CASE REPORT


https://doi.org/10.5005/jp-journals-10016-1254
International Journal of Infertility & Fetal Medicine
Volume 13 | Issue 1 | Year 2022

Pregnancy Rate after Tubal Reanastomosis: A Case Presentation and Systematic Review


Muhammad A Zucha1, Muhammad Lutfi2, Supak Silawani3, Anastasia Feliciana4, Pritania Astari5

1,2Department of Obstetrics and Gynecology, Universitas Gadjah Mada, Sleman, Yogyakarta, Indonesia

3Department of Obstetrics and Gynecology, Universitas Palangkaraya, Palangkaraya, Central Kalimantan, Indonesia

4,5School of Medicine, Universitas Gadjah Mada, Sleman, Yogyakarta, Indonesia

Corresponding Author: Muhammad A Zucha, Department of Obstetrics and Gynecology, Universitas Gadjah Mada, Sleman, Yogyakarta, Indonesia, Phone: +62 81391664860, e-mail: ary_zucha@yahoo.co.id

ABSTRACT

Tubal reanastomosis is an option to recanalize fallopian tubes after previous sterilization. Several factors may be important in defining the success rate afterwards. This paper aimed to describe our experience performing tubal reanastomosis, and discuss the fertility outcome through a systematic literature review.

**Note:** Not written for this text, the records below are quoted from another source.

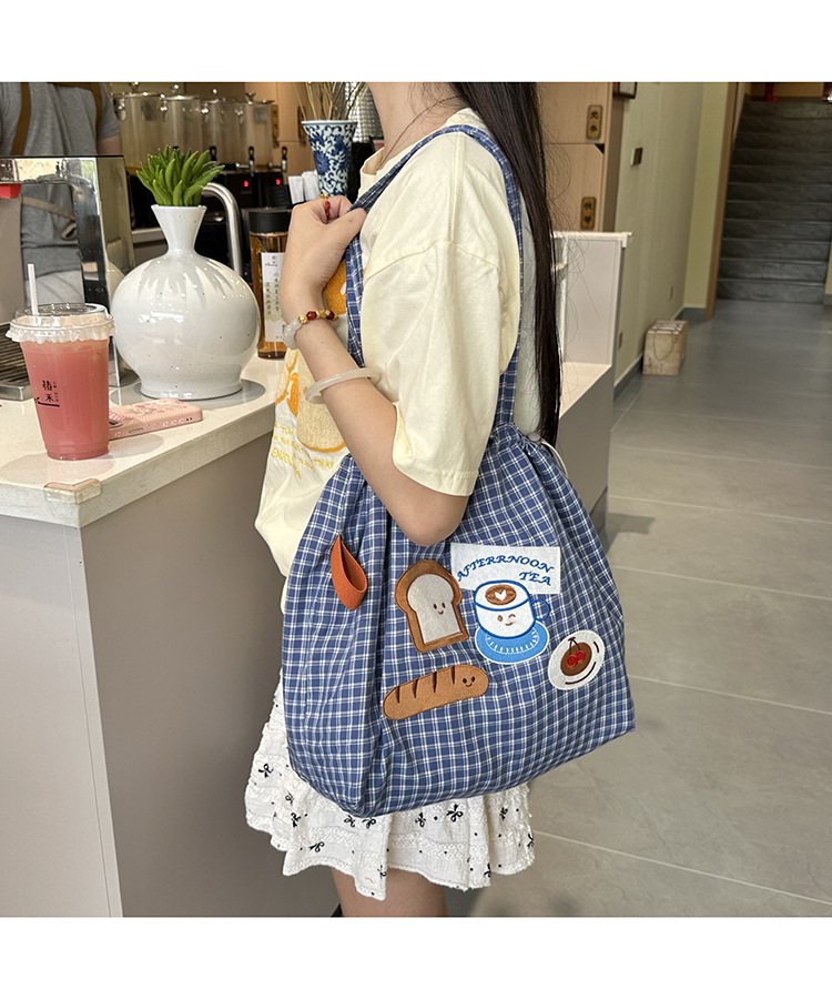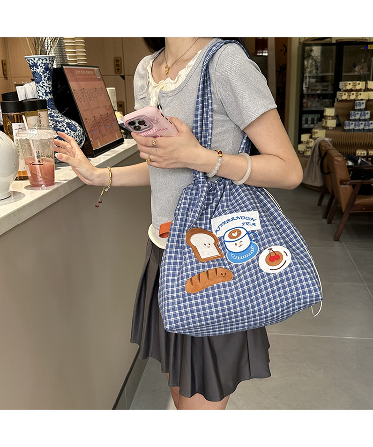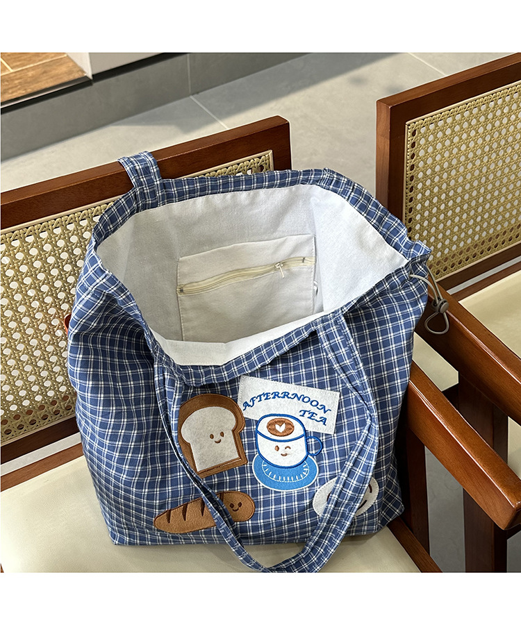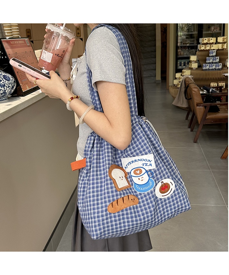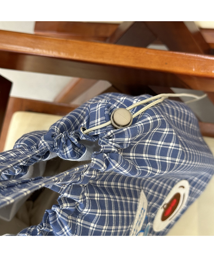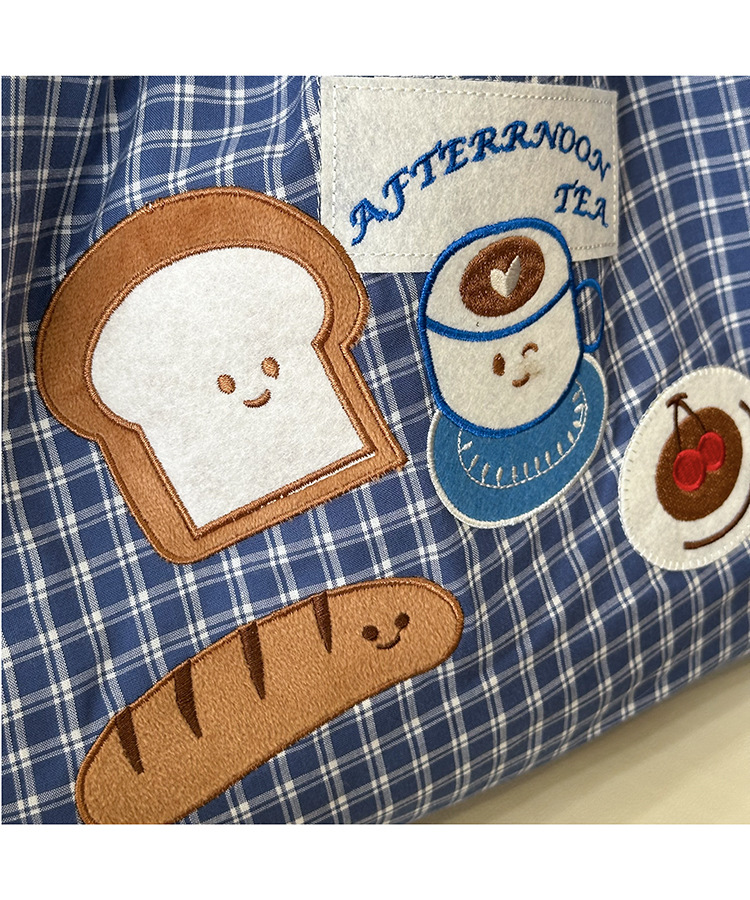 • 귀여운 수건 자수 조임끈 어깨 : 빵 커피 (블루 체크 무늬)
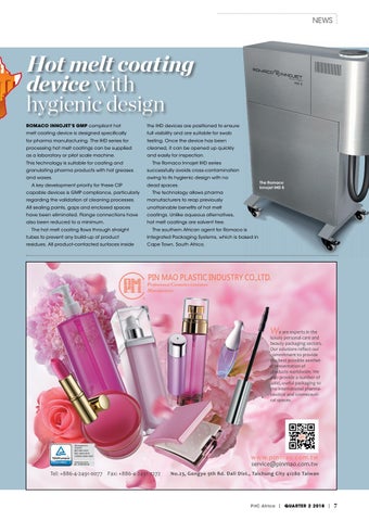 Hot melt coating device with hygienic design ROMACO INNOJET’S GMP compliant hot
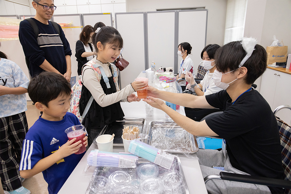 地域貢献委員会の学生たちは、ふだんから大学周辺の地域の方々や団体と関わりを持っています。例年、青朋祭ではそうした方々にご協力いただいた多彩な企画を実施しています。今年も「南加瀬こども文化センター」、竹細工サークル「かたつむり」、「みゆき作業所」、「セルプきたかせ」、さらに、「とりかえるこれいるか」と共同出展しました。
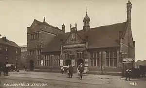 Fallowfield railway station is a disused station that is located on Wilmslow Road in Fallowfield, a southern suburb of Manchester, England. It was on the Fallowfield Loop railway line, a suburban railway which looped around the south of the city and terminated at the former Manchester Central railway station.[1] The station closed to passengers in 1958, but its building still stands on the corner of Wilmslow Road and Ladybarn Road.
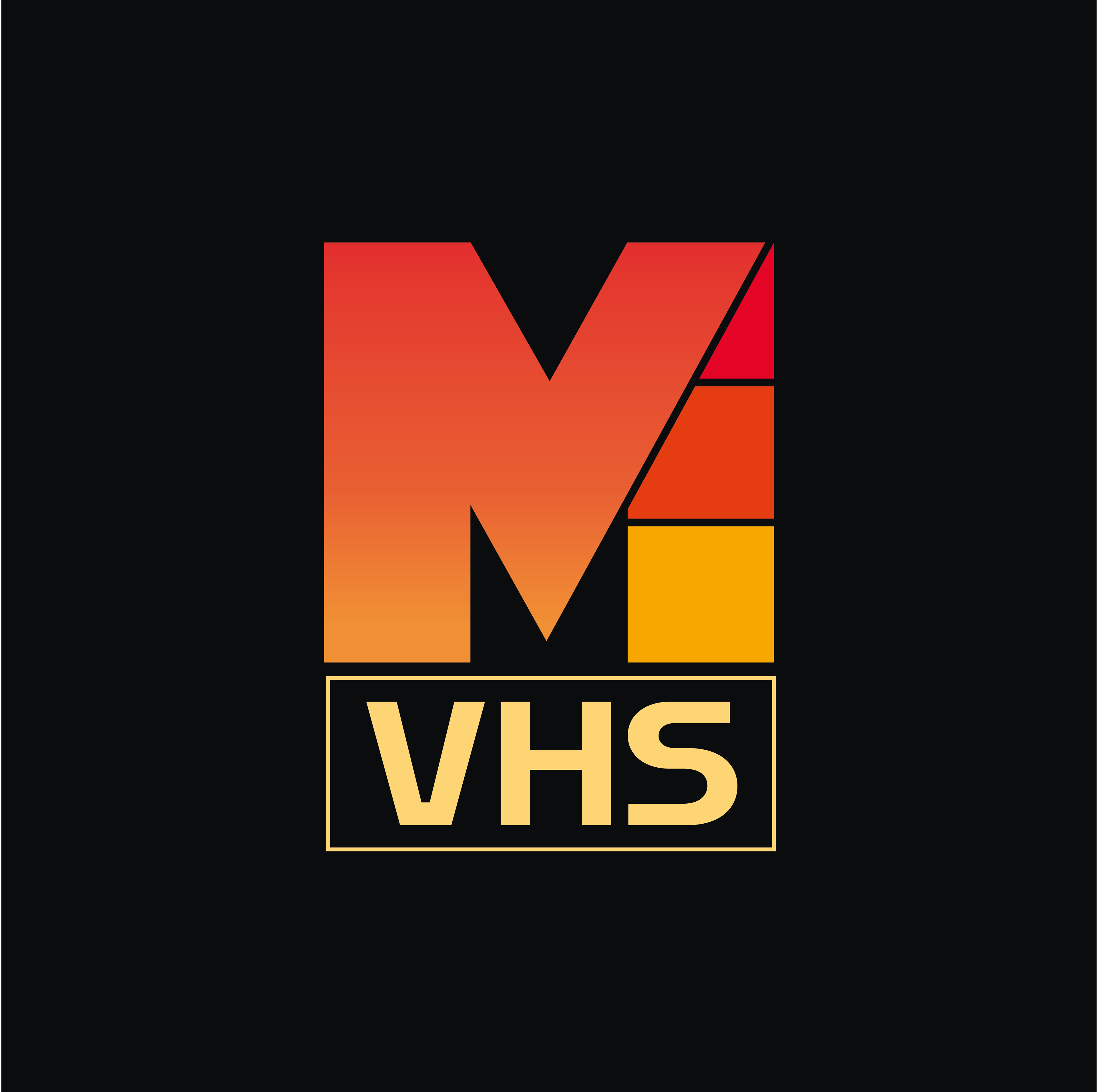 Le monogramme « M » a été travaillé comme un élément graphique, intégrant des formes géométriques colorées qui rappellent les artefacts visuels des bandes VHS. Le bloc “VHS”, encadré et contrasté, vient ancrer le logo dans cet imaginaire rétro tout en assurant une bonne lisibilité sur les supports digitaux.
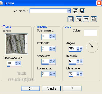 19. Effetti>Effetti di trama>Trama - seleziona la trama "schors" con i seguenti settaggi.
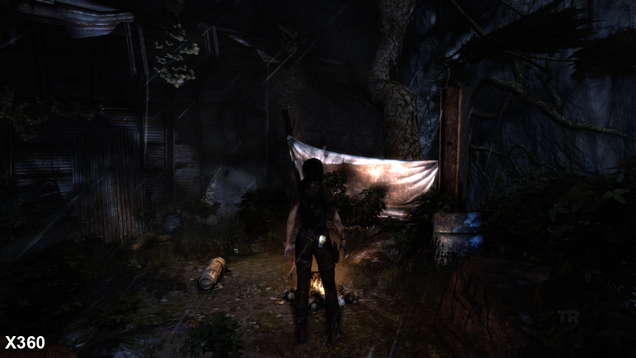 As we've come to expect from most titles this generation, Tomb Raider adopts a 30FPS update on both console systems, and similar to the latter Uncharted games we see v-sync fully engaged, completely eliminating screen-tear. The consistency of the visuals actually helps to preserve the cinematic look the developers are aiming for, although it does mean frame-rates are heavily impacted when the engine is under stress, rendering complex scenes featuring multiple enemies and a large number of alpha effects - smoke, fire and foliage for example.
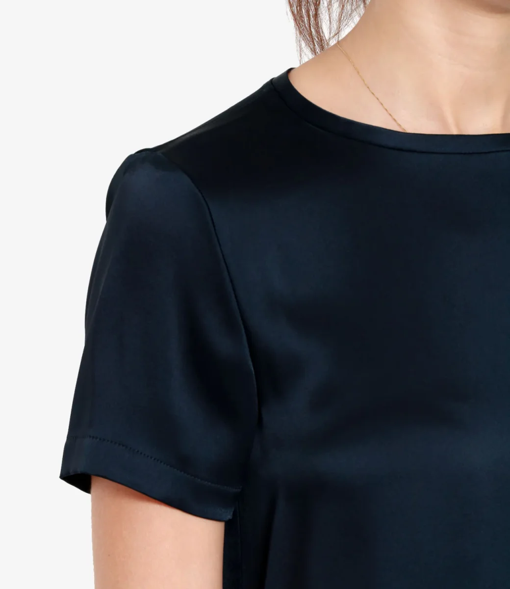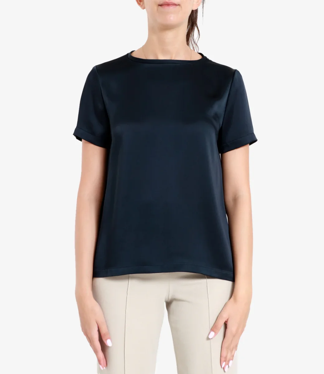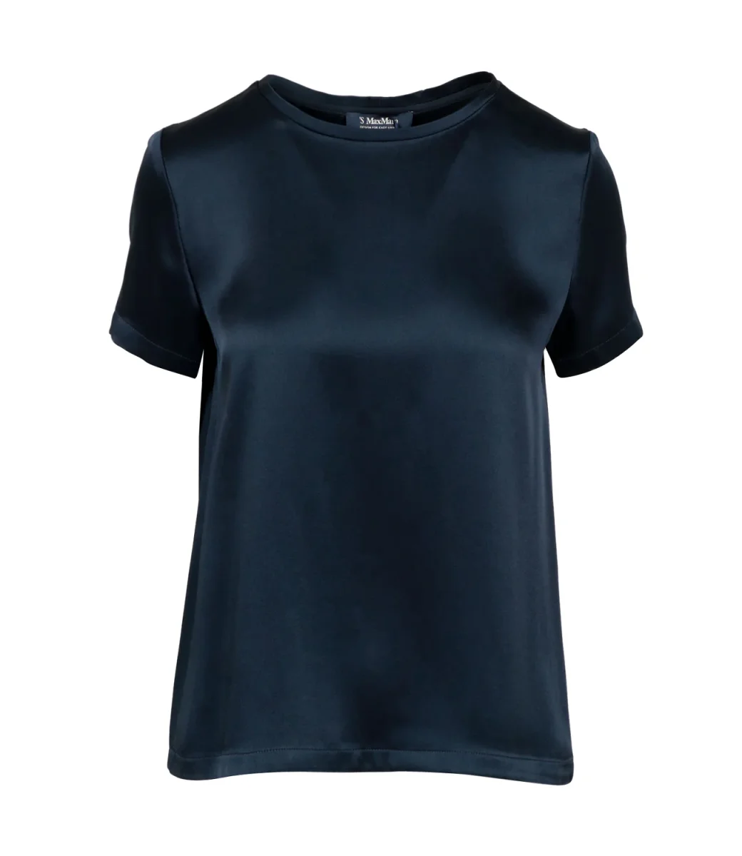 T-Shirt S Max Mara Rebecca realizzata in elegante raso di mista viscosa, girocollo ampio, maniche corte, fondo dritto
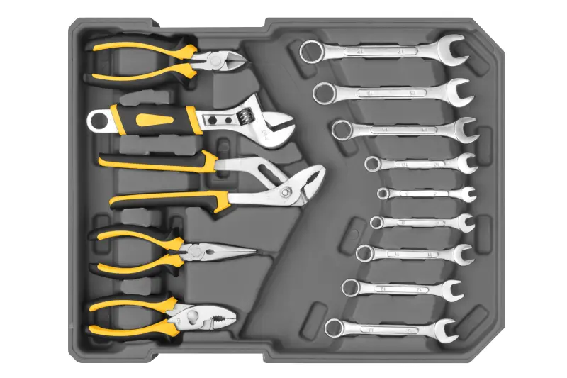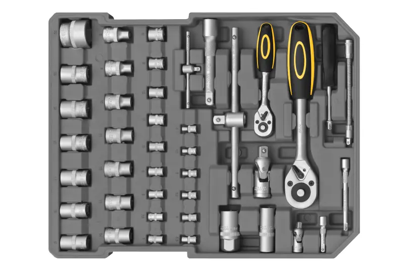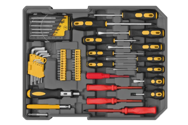 Sada nářadí v kufru na kolečkách 245 dílů je pomocníkem pro běžnou údržbářskou, ale i tvůrčí práci doma, v dílně nebo na zahradě. Jedná se o obsahově velkoryse vybavenou sadu ručního nářadí z vysoce kvalitní chrom-vanadiové oceli. V praktickém, kompaktním a zároveň vysoce odolném hliníkovém kufru na kolečkách lze tak získat nepřeberné množství hlavic, klíčů, kleští, šroubováků a mnoho dalšího nejpoužívanějšího nářadí, které díky precizně tvarovaným výplním zůstane vždy na svém místě.
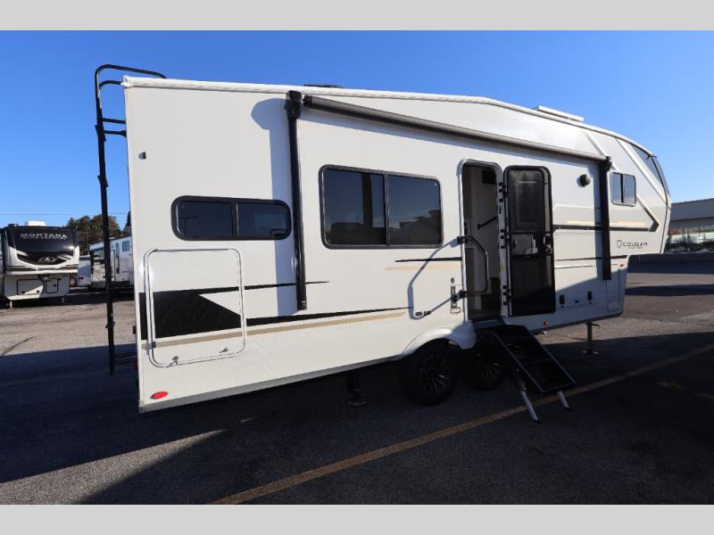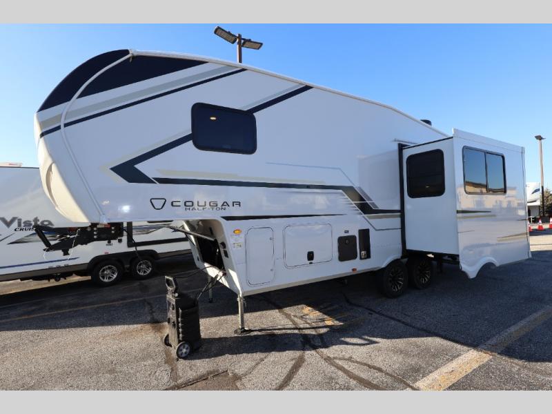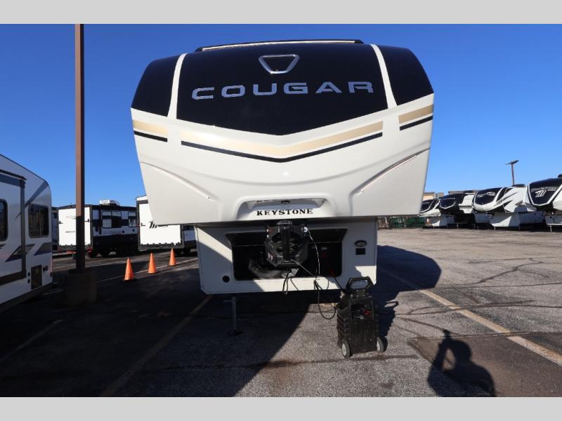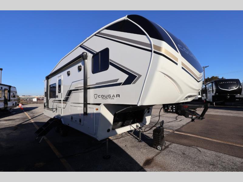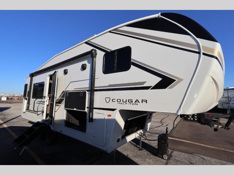 The Keystone Cougar Half-Ton fifth wheel and travel trailers are known as one of America's favorites for a reason! Some of those reasons are the exclusive features that come from Keystone, like the Winegard Air 360+ omni-directional rooftop antenna, the in-floor heating ducts, and the HyperCore composite wall construction with Vixen Fibrogloss high-gloss finish. The Cougar Half-Ton has a Climate Guard protection package with heat-deflecting white sidewalls, two roof attic vents, PEX plumbing and more to enjoy four season camping. Inside, you'll love the dimmable lighting, night roller shades throughout, shower skylight, and bedside USB outlets to keep your electronics charged.

We successfully performed tubal reanastomosis that resulted in pregnancy within 1 year after the procedure. Microsurgical tubal reanastomosis was performed with four-stitch technique. In addition, we conducted systematic searching to describe the efficacy of tubal reanastomosis in reversing the fertility status. MEDLINE database was searched with keywords: tubal reanastomosis, sterilization, and fertility. According to our criteria and search protocol, 16 studies were found, including 8,584 subjects. Data of pregnancy rate of those studies were collected to determine a cumulative pregnancy rate. According to our systematic review, we found tubal reanastomosis may result in successful conception of 70.27% of patients. Moreover, microsurgical tubal reanastomosis has comparable outcome in comparison to minimal invasive surgical approach. Therefore, tubal reanastomosis with microsurgery may be provided to reverse fertility status in low-resource settings. Our results mainly impact on patients who underwent tubal sterilization but need a fertility reversal. Our shared technique may be used as an important insight for the surgical approach. More importantly, pregnancy rates from the systematic review may be used as evidence-based prediction number of pregnancies.

How to cite this article: Zucha MA, Lutfi M, Silawani S, et al. Pregnancy Rate after Tubal Reanastomosis: A Case Presentation and Systematic Review. Int J Infertil Fetal Med 2022;13(1):28–33.

Source of support: Nil

Conflict of interest: None

Keywords: Female sterilization, Pregnancy rate, Tubal microsurgery, Tubal reanastomosis.

BACKGROUND

Sterilization is one of the preferred contraceptive techniques for couples who do not want more children. In addition, female sterilization is often indicated for women when pregnancy is contraindicated, for example, those who have Class Risk IV of a major cardiac event. Female sterilization is preferred since the fecundity loss is unrelated to hormonal change or sexual function compromise.1 Female sterilization represents around 19% of contraception use in developing countries. In Indonesia, with the increasing proportion of women aged 35–49 and an increasing number of contraceptive prevalence rates (CPR), the estimate of female sterilization needs is around 28 million women.2 However, in some patients who previously underwent female sterilization, due to several reasons they want to have children again. Accordingly, tubal reanastomosis is one possible way to conceive for women desiring fertility who previously underwent tubal sterilization. This method may be preferred especially in low-resource settings or in developing countries because of its cost-effectiveness and feasibility.2

Tubal reanastomosis is a microsurgical technique to recanalize fallopian tubes after previous sterilization. This procedure involves a loupe or microscope for magnifying the tubes during reanastomosis procedure. Minimally invasive laparoscopy or robotic-assisted surgery are other alternative ways available to perform tubal reanastomosis surgery.3 The outcome and success rate following tubal reanastomosis differ among patients, indicating several factors may affect the outcome. This study presents one report of a successful procedure of tubal reanastomosis. We also discuss the possible factors to improve the success rate of tubal reanastomosis. Systematic literature searching was done from the MEDLINE database.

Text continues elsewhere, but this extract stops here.